I will be moving from Hyderabad. Thanks for the pointer. I will check about India post. I'm also looking at some packers and movers from India who specialise in international relocation.


----------



## anj1976 (Apr 24, 2008)

google is your friend


----------



## Vishy (Nov 3, 2010)

Hi,

Thanks. Checked with a few movers and packers. They are quoting approx AUD 3000 for moving around 250 cubic feet volume of household items Door to door from India to sydney. Just want to check with anyone who has prior experience if the rates quoted are ok or on the higher side.


----------



## balajiradhika (Jun 29, 2009)

Vishy said:


> Hi,
> 
> Thanks. Checked with a few movers and packers. They are quoting approx AUD 3000 for moving around 250 cubic feet volume of household items Door to door from India to sydney. Just want to check with anyone who has prior experience if the rates quoted are ok or on the higher side.


Is it including car? If not then you will be better off disposing the stuff here and buying stuff in Oz.


----------



## anj1976 (Apr 24, 2008)

http://www.expatforum.com/expats/au...2765-my-experiences-melbourne.html#post402266

he paid 21k inr for 5 cubic mtr. worth speaking to him.. but he did not have door to door, again, the difference is too much.. 

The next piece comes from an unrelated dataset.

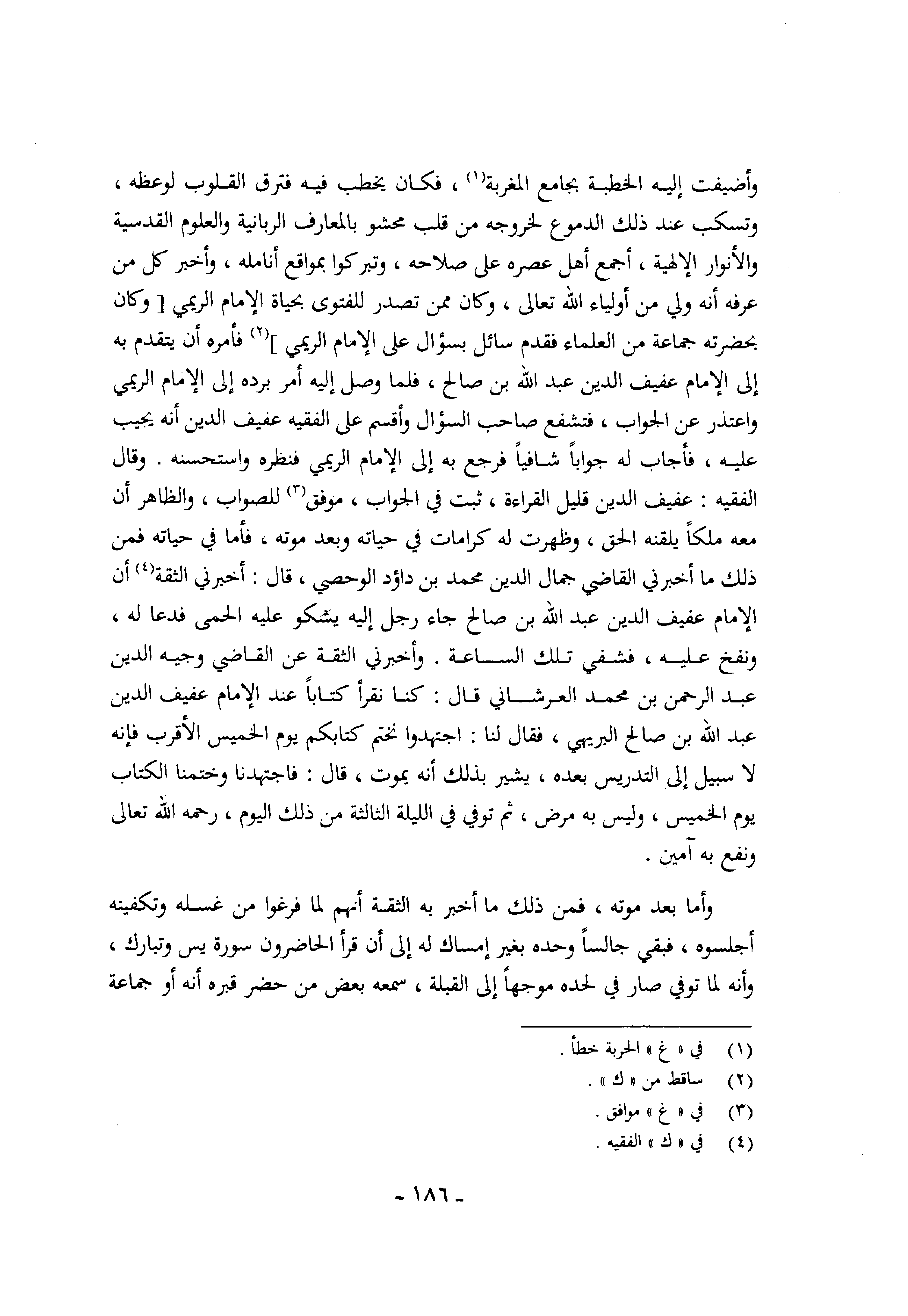 وأضيفت إِلَيْهِ الْخطْبَة بِجَامِع المغربة فَكَانَ يخْطب فِيهِ فترق الْقُلُوب لوعظه وتسكب عِنْد ذَلِك الدُّمُوع لِخُرُوجِهِ من قلب محشو بالمعارف الربانية والعلوم القدسية والأنوار الإلهية أجمع أهل عصره على صَلَاحه وتبركوا بمواقع أنامله وَأخْبر كل من عرفه أَنه ولي من أَوْلِيَاء الله تَعَالَى وَكَانَ مِمَّن تصدر للْفَتْوَى بحياة الإِمَام الريمي وَكَانَ بِحَضْرَتِهِ جمَاعَة من الْعلمَاء فَقدم سَائل بسؤال على الإِمَام الريمي فَأمره أَن يتَقَدَّم بِهِ إِلَى الإِمَام عفيف الدّين عبد الله بن صَالح فَلَمَّا وصل إِلَيْهِ أَمر برده إِلَى الإِمَام الريمي وَاعْتذر عَن الْجَواب فتشفع صَاحب السُّؤَال وَأقسم على الْفَقِيه عفيف الدّين أَنه يُجيب عَلَيْهِ فَأجَاب لَهُ جَوَابا شافيا فَرجع بِهِ إِلَى الإِمَام الريمي فنظره وَاسْتَحْسنهُ وَقَالَ الْفَقِيه عفيف الدّين قَلِيل الْقِرَاءَة ثَبت فِي الْجَواب موفق للصَّوَاب وَالظَّاهِر أَن مَعَه ملكا يلقنه الْحق وَظَهَرت لَهُ كرامات فِي حَيَاته وَبعد مَوته فَأَما فِي حَيَاته فَمن ذَلِك مَا أَخْبرنِي القَاضِي جمال الدّين مُحَمَّد بن داؤد الوحصي قَالَ أَخْبرنِي الثِّقَة أَن الإِمَام عفيف الدّين عبد الله بن صَالح جَاءَ رجل إِلَيْهِ يشكو عَلَيْهِ الْحمى فَدَعَا لَهُ وَنفخ عَلَيْهِ فشفي تِلْكَ السَّاعَة وَأَخْبرنِي الثِّقَة عَن القَاضِي وجيه الدّين عبد الرَّحْمَن بن مُحَمَّد العرشاني قَالَ كُنَّا نَقْرَأ كتابا عِنْد الإِمَام عفيف الدّين عبد الله بن صَالح البريهي فَقَالَ لنا اجتهدوا نختم كتابكُمْ يَوْم الْخَمِيس الْأَقْرَب فَإِنَّهُ لَا سَبِيل إِلَى التدريس بعده يُشِير بذلك أَنه يَمُوت قَالَ فاجتهدنا وختمنا الْكتاب يَوْم الْخَمِيس وَلَيْسَ بِهِ مرض ثمَّ توفّي فِي اللَّيْلَة الثَّالِثَة من ذَلِك الْيَوْم رَحمَه الله تَعَالَى ونفع بِهِ آمين

secondly, why do you need 250 cu ft, isnt it too much? i know people who took their furniture along but were regretting later as the furniture in Au isnt that expensive..


----------



## Vishy (Nov 3, 2010)

balajiradhika said:


> Is it including car? If not then you will be better off disposing the stuff here and buying stuff in Oz.


Hi,

Its not including car. Infact, I'm not getting any furniture or electronics across. This will basically include toys (and I have loads of them for my 2 kids), kitchen stuff, crockery, books, souveneirs, clothes (again loads of them) rugs,etc. My company is paying some relocation allowance so this can be covered in it. Again, if I dont move, I can take the relocation allowance (- tax) but I think it is a good option to get all this stuff. It has been collected over years and is in prime condition.


----------



## Vishy (Nov 3, 2010)

anj1976 said:


> http://www.expatforum.com/expats/au...2765-my-experiences-melbourne.html#post402266
> 
> he paid 21k inr for 5 cubic mtr. worth speaking to him.. but he did not have door to door, again, the difference is too much..
> 
> secondly, why do you need 250 cu ft, isnt it too much? i know people who took their furniture along but were regretting later as the furniture in Au isnt that expensive..


Hi,

Thanks. I'm checking with Maddy.
The 250 cu feet is gross . Net volume will be 200 cu feet. This doesnt include furniture or electronics as I will be buying all this stuff locally only. This includes toys (for my 2 kids), clothes, kitchen stuff (utensils, kitchen appliances), crockery, souveneirs, toys etc.


----------



## cooldude (Aug 9, 2008)

Hi vishy,

I have got quote of Rs130000 to shift 250kgs Door to Door from Banglaore to sydney.

Hope this helps.

PM me if you need any other information.

Regards
Cooldude.


----------



## anj1976 (Apr 24, 2008)

130,000 for 250 KGs, isnt that way too much? that is about 550 per KG, if you send stuff through indian post, the cost is approximately 250 bux. I contacted the cargo at the airport, they gave me approximately 200 INR per kg plus 5000 (fixed charge) as handling charges.


----------



## Carl123 (Jun 11, 2011)

Vishy said:


> Hi,
> 
> Thanks. Checked with a few movers and packers. They are quoting approx AUD 3000 for moving around 250 cubic feet volume of household items Door to door from India to sydney. Just want to check with anyone who has prior experience if the rates quoted are ok or on the higher side.


Hey Mate, 

can you please give me the name of this company I will contact them I have one redicoulous quote which is 241000 for 12 Qubic feet of space , it just blew my mind 

thanks


----------